Ему все последнее время было хорошо. Очень хорошо. Все ладилось, жизнь набирала какой-то радостный, звенящий ритм. И деньжата у них теперь завелись, за «Слово» здорово заплатили, все одеты и обуты, все сыты. Корову купили… А следом еще заказ был отличный. Ездили с Маркичевым, Котухиным и Буториным в Ленинград, писали декорации для Этнографического театра, для постановки песен о Степане Разине. Ему достались «Город Астрахань» и «Туча». Не по-театральному, а по-своему, по-палехски, писали, с применением черного фона и золота. Такой фурор произвели, что даже неловко делалось от обилия восторгов и похвал. Уже одиннадцать лет не соприкасался он с театром вот так вот, вплотную, и даже не предполагал, что новая встреча будет столь отрадной и вдохновляющей. Эскизы делал на одном дыхании, по расстеленным на полу холстам ходил чуть ли не приплясывая – все наслаждался, что опять такие большие плоскости заставляет играть красками, как ему хочется. И чувствовал, что это очень важно для художника – хотя бы однажды подчинить себе что-то огромное, масштабное – большую уверенность в себе обретаешь…
«Вот уже и декорации у нас получаются по-палехски. Все получается… Мы еще удивим белый свет. Ой-ей-ей, как удивим!..».
Зимой из Сибири приезжал погостить свояк – Петр Иванович Коротыгин. Всю гражданскую партизанил в тех краях, в одном отряде с будущим автором знаменитого «Разгрома» Александром Фадеевым. Вечера напролет рассказывал, какой удивительный был у них там народ, какую силу и мужество показывал.
А уехал Петр Иванович, и Голиков вскоре написал этих сибирских партизан. В дубленых полушубках, в овечьих папахах, с черными, рыжими и седыми бородами, а то и совсем юных, безусых. Восемь мужчин совершенно разного характера и темперамента, но спаянных воедино одним стремлением и порывом – победить ненавистного врага.

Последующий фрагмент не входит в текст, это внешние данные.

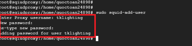 sudo squid-add-user Nhập tài khoản và mật khẩu

А под копытами коней – заснеженные еловые лапы.
И хотя по цвету кони здесь тоже красные, голубые и зеленые и завихрены, как все у Голикова, от миниатюры в этой работе уже совсем ничего нет. Это просто очень своеобразная романтическая картина. Первая такая картина в Палехе. Она и по размеру почти до полуметра.

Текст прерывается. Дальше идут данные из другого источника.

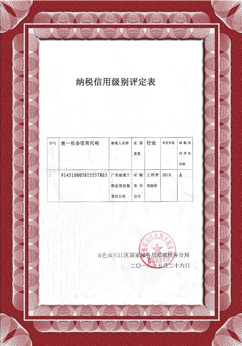诚信是责任、是准则、更是一种资源,广西建通工程监理有限责任公司荣获A级纳税信用等级,将在工程招投标、安全许可、生产许可、资质审核、获得荣誉、投融资等方面作为企业的优质品牌,为企业经营和商务洽谈带来诸多利好!

Тогда же он и традиционные свои сюжеты стал писать увеличенными – на подносах, больших блюдах…
Выбрав место, мальчишки спрашивали, где им лучше сесть, но он только плечами пожимал и говорил, что это каждый должен решать сам, что научить живописи нельзя, ей можно только научится.
– Смотрите, как другие работают, и думайте. Главное – думайте….
А лес шумел, шумел по-над оврагами, дурманил волглой дрелью, заставлял жмуриться от солнечной ряби трепещущих на ветру листьев, брызгал вдруг из-под ноги розовым соком ненароком раздавленной земляники, лип к лицу не замеченной вовремя паутиной, чем-то больно кололся сквозь штаны и рубаху, развлекал незнакомыми писками, щелканьем, шорохами… И Голикову каждый раз казалось, что это не он идет лесом, а лес входит в него, наполняя своей необъятностью, своей мощью и мудрым спокойствием, своей беспредельной немыслимой красотой…
В зиму, среди прочих работ, Иван Иванович начал Бориса Годунова, его венчание на царство на Красной площади. Только белильный подмалевок сделал на большой пластине. Пока на пластине. Но уже и в этом подмалевке была поистине фресковая монументальность и величие. В композиции никакой усложненности, все просто и уравновешенно и вместе с тем внутренне все до предела напряжено, драматизировано, в каждой фигуре – своя пружина. Если не знать, чей рисунок, можно подумать, что принадлежит он кисти любого из мастеров Возрождения или кого-то из наших великих передвижников; в нем есть что-то и от совершенства первых, и от драматизма вторых…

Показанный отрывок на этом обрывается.